We know that $\sum_{k=1}^{\infty}\frac{1}{k}=\frac{1}{1}+\frac{1}{2}+\frac{1}{3}+\cdots$ diverges.
But for any natural number $n$, $\sum_{k=1}^{n}\frac{1}{k}$ is finite.
The question is; how to compute $\sum_{k=1}^{n}\frac{1}{k}$ for sum natural number $n$, explicitly?
Say $n=50$, how to compute $\frac{1}{1}+\frac{1}{2}+\frac{1}{3}+\cdots+\frac{1}{49}+\frac{1}{50}$, explicitly?

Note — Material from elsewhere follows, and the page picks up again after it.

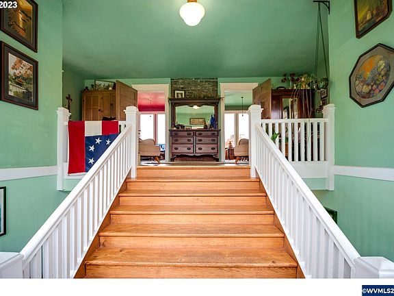 Welcome to the historic Eldridge School House in Gervais, Oregon - a timeless treasure brimming with character and possibilities. This expansive 4-bedroom residence, boasting a total of 4,906 square feet, transports you back to an era when craftsmanship and elegance prevailed.
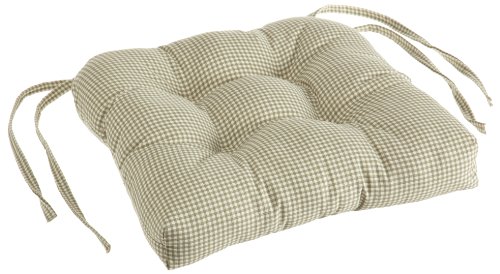 Logan Gingham Check Cushioned Chair Pad - Gingham check print is one of the most popular decorating patterns today. The classic 1/8 small gingham check print creates an updated look and feel to any room. Made with 100-percent cotton outer fabric and polyester fill inside you are sure to get a pad that's beautiful and comfortable in a decorating pattern that's timeless and long lasting. Constructed into the chair pad is a corded edge and string ties to hold it in place. Decorative and functional tufting was added to keep fill from bunching or shifting giving you years of trouble free use and enjoyment. It Measures 15-inch wide, 14-inch long and approximately 3-inch thick. Cushioned chair pads can be combined with coordinating Logan Gingham Check Tailored Tier Curtains and Valences that are also available thru Amazon. Also available are matching Tailored Tier Curtains, Tailored Pair Drape Panels with Tiebacks, 3 Piece Lined Swag Curtain Set, Chair Pads, Throw Pillows, Valences, Bed Skirts/Dust Ruffles, Bed Comforters and Shams. Made in the USA, Dry clean only

There is no explicit or exact value but accurate asymptotics $$\sum_{k=1}^n\frac 1k=H_n$$ and, for large values of $n$ $$H_n=\gamma +\log \left({n}\right)+\frac{1}{2 n}-\frac{1}{12 n^2}+O\left(\frac{1}{n^4}\right)$$ For $n=50$, the exact value would be $$H_{50}=\frac{13943237577224054960759}{3099044504245996706400}\approx 4.499205338$$ while the above approximation would give $$\gamma +\log (50)+\frac{299}{30000}\approx 4.499205337$$ which is not too bad (I hope !).